06:37:54 <glauxosdever> So, concerning the file format abstraction layers I've been talking about yesterday, I think it would make sense to allow "streaming" and not only importing/exporting from/to files. E.g. There is a continuous flac audio stream and you want to decode it in real time, then send the result to the audio driver. Or you have some .wav/.flac/anything audio files in the filesystem that you want to stream
06:38:00 <glauxosdever> through icecast or something. Or directly stream microphone input in real time. Or..
06:38:34 <bcos> For streaming, you'd not using a file format
06:38:47 <glauxosdever> True
06:39:08 <glauxosdever> But streams can be flac-encoded or ogg-encoded or mp3-encoded
06:39:15 <glauxosdever> Or something-else-encoded
06:40:07 <glauxosdever> It's not a file format (in the literal sense)
06:40:13 <glauxosdever> But it's still an encoding
06:45:23 <glauxosdever> As I realise this it not osdev-related, if anyone would like to suggest me something, you can join #audiocodinglayer
08:00:22 <elderK> Guys, how long do you think it will take before IOMMU is pretty much a standard feature?
08:00:52 <elderK> Does VT-d mean you have IOMMU?
08:01:25 <sortie> Not sure how widespread it is in modern hardware. Might be a lot. Although not sure about ARM, think it has something similar too. Someone else would know.
08:01:46 <sortie> The bigger question is how long old hardware will be relevant, meaning that one can't rely on its existence.

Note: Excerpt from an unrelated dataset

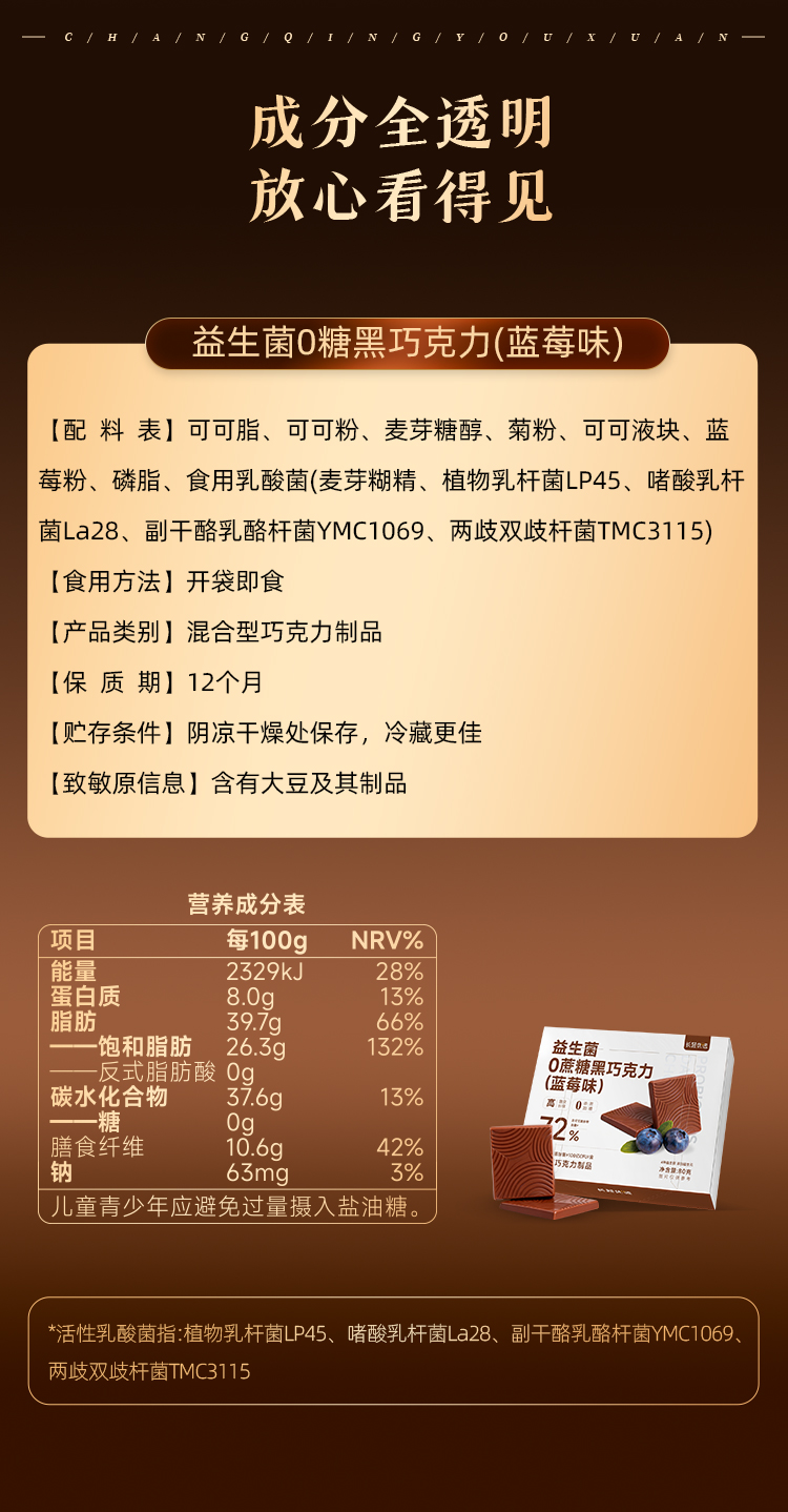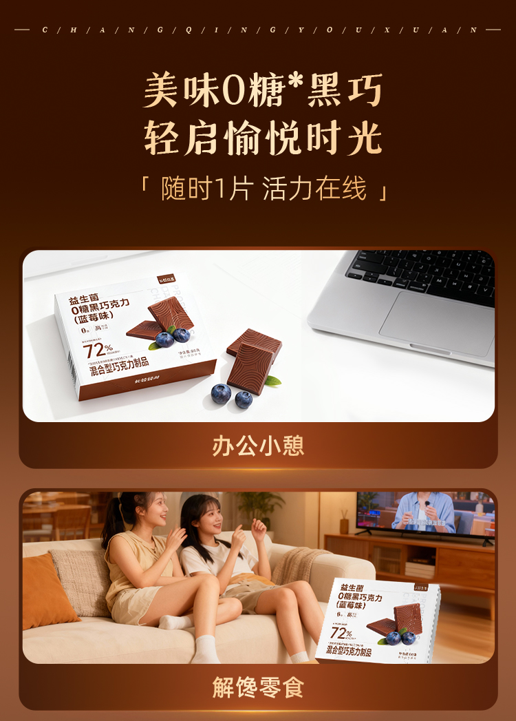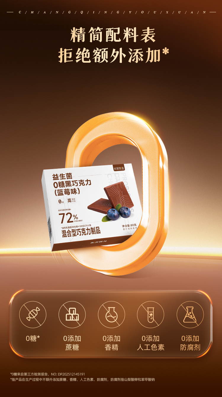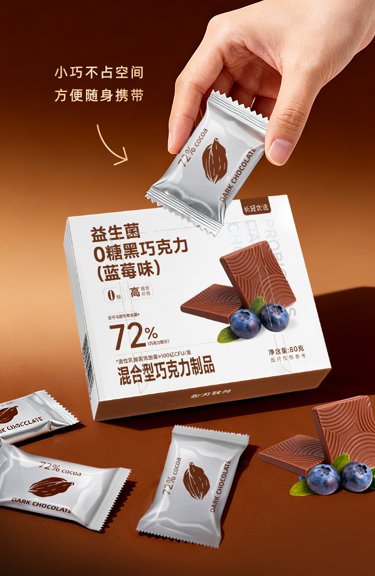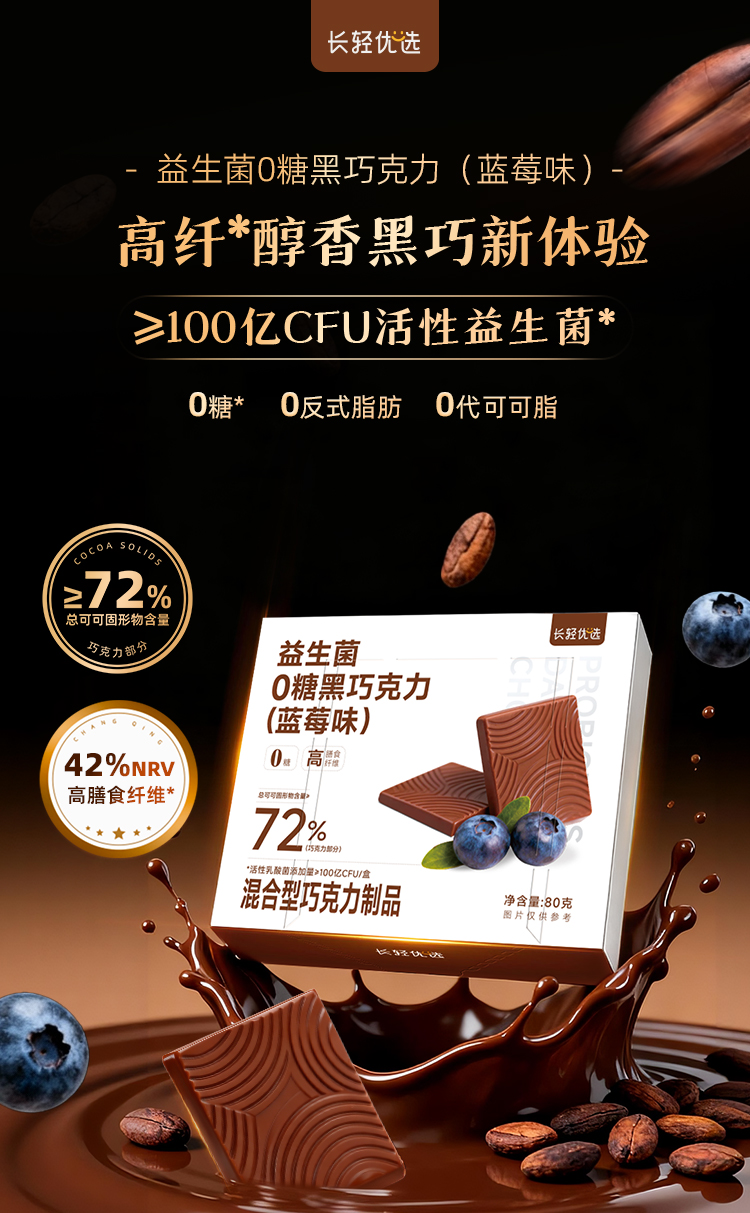 【1216早市直播】【新品】长轻优选 益生菌0糖黑巧克力蓝莓味 80g/盒 入口浓郁黑巧香

08:02:13 <sortie> Where older hardware might be more relevant the more successful a project is
08:02:31 <zid> forever, for some definition of relevent
08:02:40 <zid> There are working VAXes all over
08:05:18 <Bitweasil> What are you looking to use the IOMMU for, and why does it matter to your use cases?
08:05:35 <Bitweasil> With Intel differentiating between lines with stuff like that, I'd expect it to be "not standard on everything" for a very, very long time.
08:05:55 <Bitweasil> I believe VT-d is Intel's term for an IOMMU, but double check that.
08:05:58 <zid> yes
08:06:12 <zid> what chips don't have vt-d?
08:07:24 <Bitweasil> https://ark.intel.com/content/www/us/en/ark.html Feel free to poke. ;)
08:07:30 <zid> also is it part of vmx
08:08:17 <zid> my 2011 cpu has vmx feature bit in linux, at least
08:08:51 <Bitweasil> VMX is separate from VT-d.
08:09:00 <Bitweasil> Atoms don't have VT-d in general.
08:09:00 <zid> any idea what the feature bit is called
08:09:14 <Bitweasil> No, sorry. I'd look up the chip model.
08:09:21 <zid> I knwo what my cpu has
08:09:28 <zid> I want to know what the feature bit in linux is called
08:09:53 <Bitweasil> https://wiki.xenproject.org/wiki/VTd_HowTo
08:10:01 <bcos> IOMMU isn't a CPU feature - more like a chipset feature (that got dragged onto same package)
08:10:22 <zid> no vt-d on K versions? weird
08:11:14 <Bitweasil> https://stackoverflow.com/questions/51261999/check-if-vt-d-iommu-has-been-enabled-in-the-bios-uefi also has some ways to look.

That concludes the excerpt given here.